**Exercise inputs**.
⁂

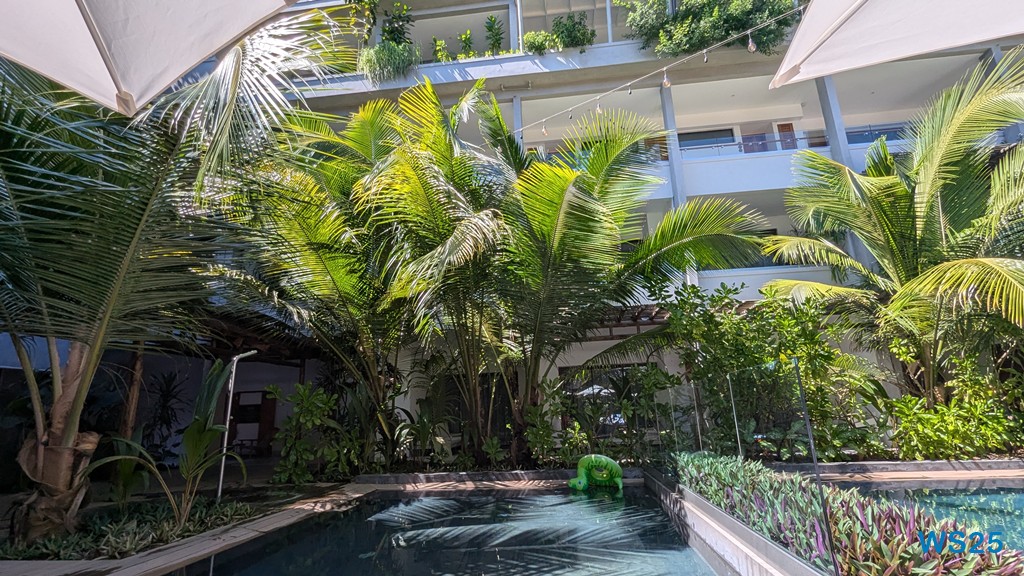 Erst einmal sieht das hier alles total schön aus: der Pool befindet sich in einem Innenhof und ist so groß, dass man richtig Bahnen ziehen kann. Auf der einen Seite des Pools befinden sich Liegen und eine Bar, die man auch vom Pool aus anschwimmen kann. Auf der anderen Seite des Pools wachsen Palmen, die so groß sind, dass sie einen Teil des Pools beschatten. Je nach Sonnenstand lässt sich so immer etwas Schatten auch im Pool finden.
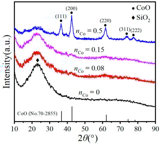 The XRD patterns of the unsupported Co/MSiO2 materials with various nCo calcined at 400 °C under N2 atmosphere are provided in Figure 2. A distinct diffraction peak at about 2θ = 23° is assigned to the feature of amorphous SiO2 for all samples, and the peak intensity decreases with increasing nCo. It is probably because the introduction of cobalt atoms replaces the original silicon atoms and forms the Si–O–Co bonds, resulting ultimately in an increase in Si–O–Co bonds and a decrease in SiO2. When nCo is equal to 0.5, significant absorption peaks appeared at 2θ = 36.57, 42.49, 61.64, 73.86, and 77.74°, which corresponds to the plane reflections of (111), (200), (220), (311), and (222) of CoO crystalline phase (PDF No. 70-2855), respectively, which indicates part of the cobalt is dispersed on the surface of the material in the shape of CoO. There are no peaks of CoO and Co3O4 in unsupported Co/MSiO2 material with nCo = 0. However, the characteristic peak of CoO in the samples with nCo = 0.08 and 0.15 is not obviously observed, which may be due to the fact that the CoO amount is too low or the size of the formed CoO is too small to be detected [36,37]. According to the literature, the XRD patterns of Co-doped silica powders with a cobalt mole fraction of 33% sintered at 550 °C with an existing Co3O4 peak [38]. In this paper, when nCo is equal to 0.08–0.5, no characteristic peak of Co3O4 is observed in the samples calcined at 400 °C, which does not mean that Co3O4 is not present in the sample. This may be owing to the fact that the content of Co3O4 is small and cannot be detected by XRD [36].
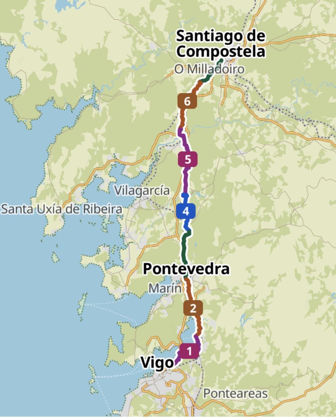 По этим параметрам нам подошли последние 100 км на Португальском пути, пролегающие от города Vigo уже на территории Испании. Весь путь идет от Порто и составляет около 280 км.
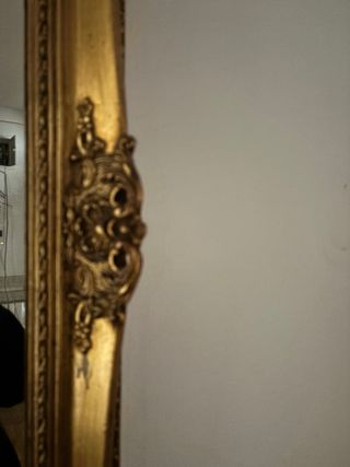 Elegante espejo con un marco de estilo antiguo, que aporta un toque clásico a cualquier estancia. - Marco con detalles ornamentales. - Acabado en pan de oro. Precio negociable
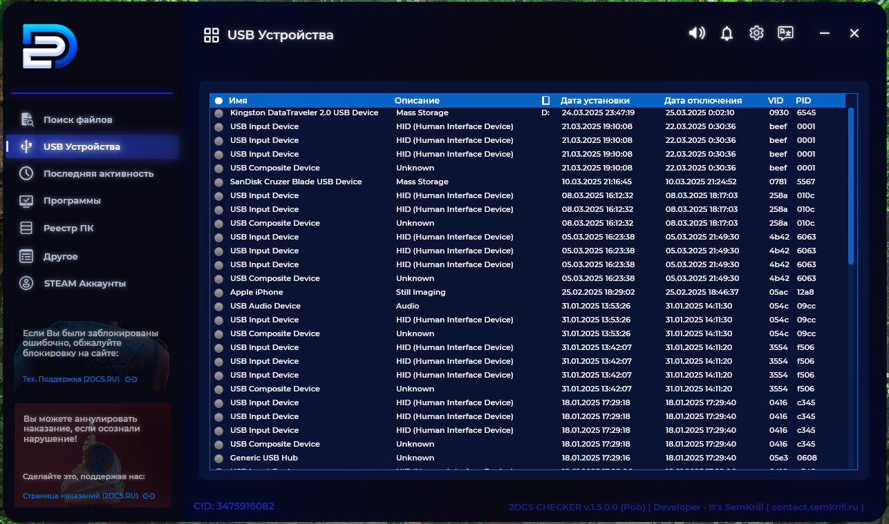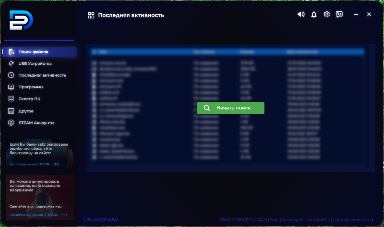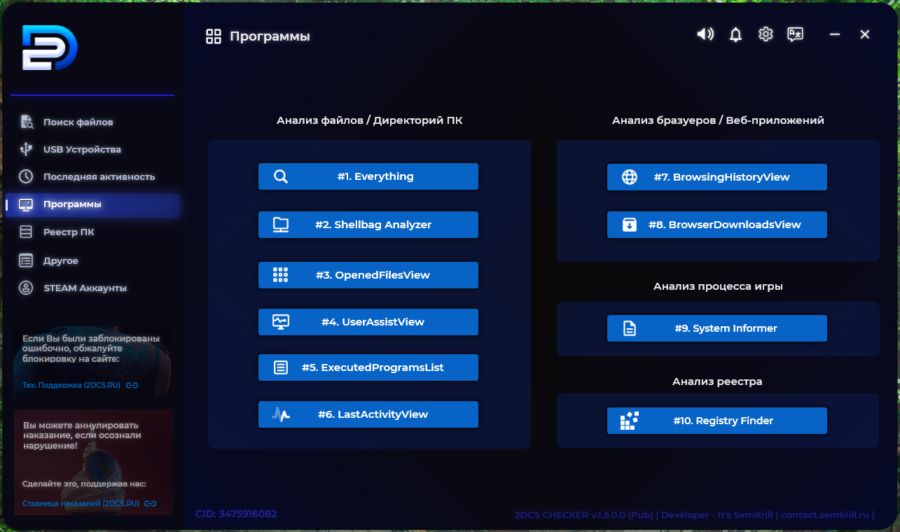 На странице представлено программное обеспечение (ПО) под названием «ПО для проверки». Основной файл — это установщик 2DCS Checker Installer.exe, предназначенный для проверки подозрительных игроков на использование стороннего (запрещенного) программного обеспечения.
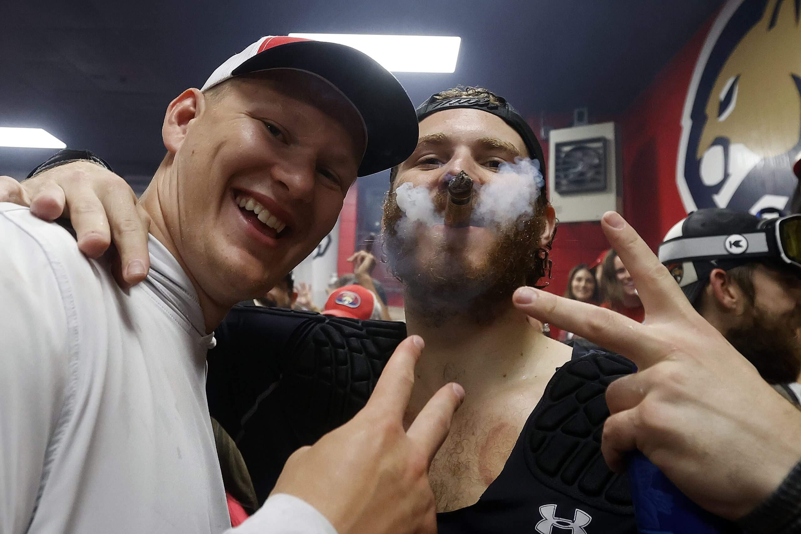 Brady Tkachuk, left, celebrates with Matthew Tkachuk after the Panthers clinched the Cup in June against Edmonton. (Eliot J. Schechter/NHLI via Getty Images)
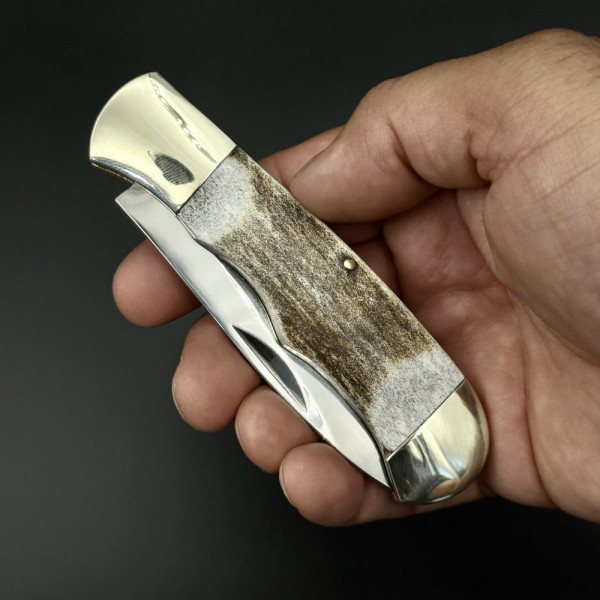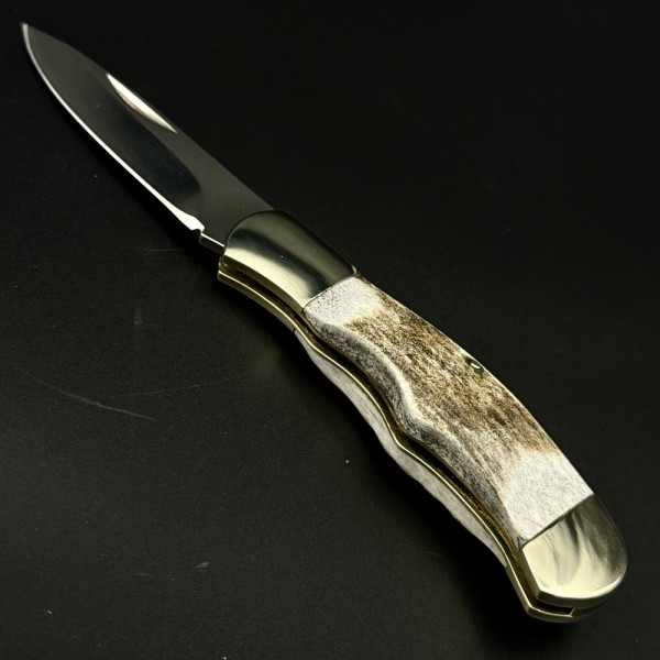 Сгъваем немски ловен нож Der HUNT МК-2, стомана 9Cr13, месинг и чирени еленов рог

⁂

**What to produce**.
Give the lines from the one containing "Elegante espejo con" through the final line of the material again, exactly and in full, but without pictures.

**Written answer**.
 Elegante espejo con un marco de estilo antiguo, que aporta un toque clásico a cualquier estancia. - Marco con detalles ornamentales. - Acabado en pan de oro. Precio negociable
 На странице представлено программное обеспечение (ПО) под названием «ПО для проверки». Основной файл — это установщик 2DCS Checker Installer.exe, предназначенный для проверки подозрительных игроков на использование стороннего (запрещенного) программного обеспечения.
 Brady Tkachuk, left, celebrates with Matthew Tkachuk after the Panthers clinched the Cup in June against Edmonton. (Eliot J. Schechter/NHLI via Getty Images)
 Сгъваем немски ловен нож Der HUNT МК-2, стомана 9Cr13, месинг и чирени еленов рог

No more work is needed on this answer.